Developed by Louis Besson in 1912, this apparatus consists of a horizontal bar fitted with several equidistant spikes and mounted on the upper end of a vertical pole which can be rotated on its axis. When an observation is to be made, the observer places himself in such a position that the central spike is projected on any chosen part of a cloud. Then, without altering his position, he causes the "comb" to turn by means of two cords in such a manner that the cloud is seen to follow along the line of spikes. A graduated circle, turning with the vertical pole, gives the direction of the cloud's motion.

It is read with the aid of a fixed pointer. Moreover, when the apparatus is once oriented, the observer can determine the relative speed of the cloud by noting the time the latter requires to pass from one spike to the next. If the instrument stands on level ground, so that the observer's eye is always at the same height, and if the interval between two successive spikes is equal to one-tenth of their altitude above the eye-level of the observer, one only needs to multiply the time required for the cloud to pass over one interval by 10 to determine the time the cloud travels a horizontal distance equal to its altitude.

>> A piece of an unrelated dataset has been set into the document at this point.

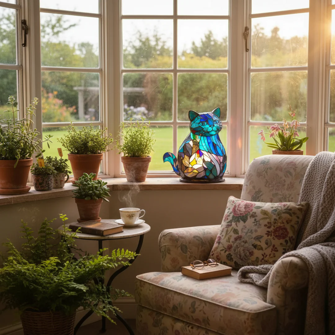 Den charmerende kat bringer liv og farver ind i din indretning og skaber en rolig og hyggelig atmosfære, perfekt til både stue, soveværelse eller læsehjørne.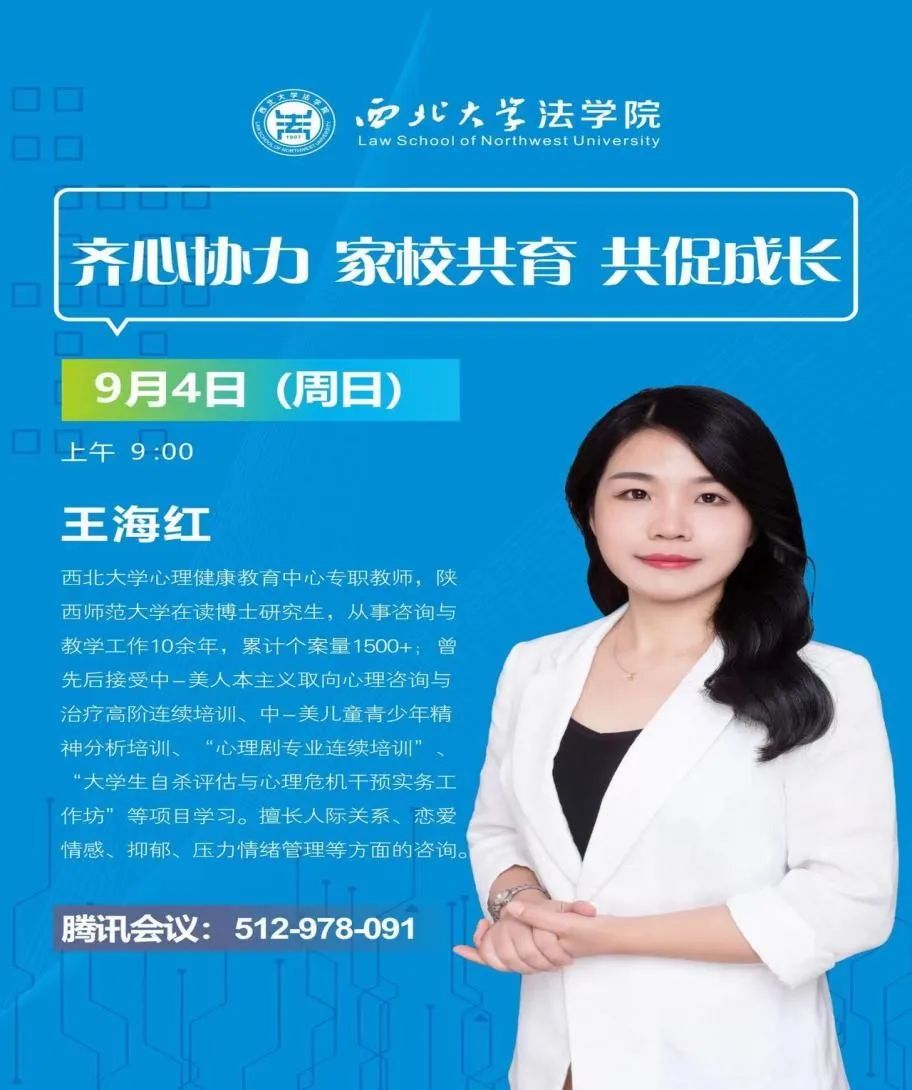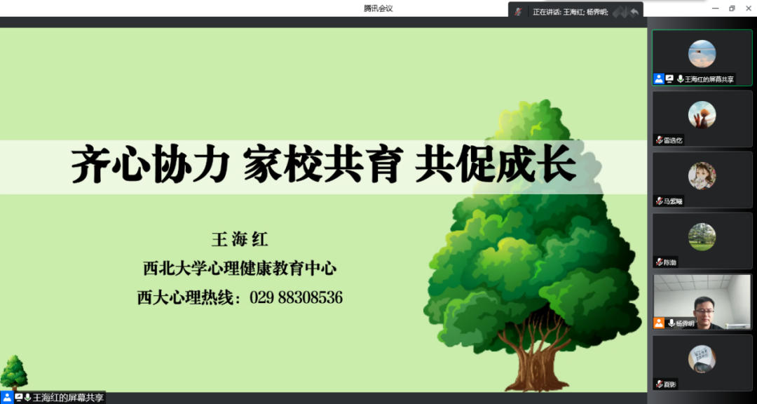 最后,王海红老师呼吁各位家长和学校共同保护大学生心理健康,强调家长对学生的巨大影响,希望每位家长能够重视学生学业,多关注学生心理,多和学生沟通,让每一位大学生能够积极、乐观、健康地度过四年大学生活。

Besson revived an old method, invented by Bravais for measuring the actual height of clouds. The apparatus in this case consists of a plate of glass having parallel faces, mounted on a graduated vertical circle which indicates its angle of inclination. A sheet of water, situated at a lower level, serves as a mirror to reflect the cloud. The water is contained in a reservoir of blackened cement surrounded by shrubbery, and is only a small fraction of an inch in depth, so that the wind may not disturb its level surface.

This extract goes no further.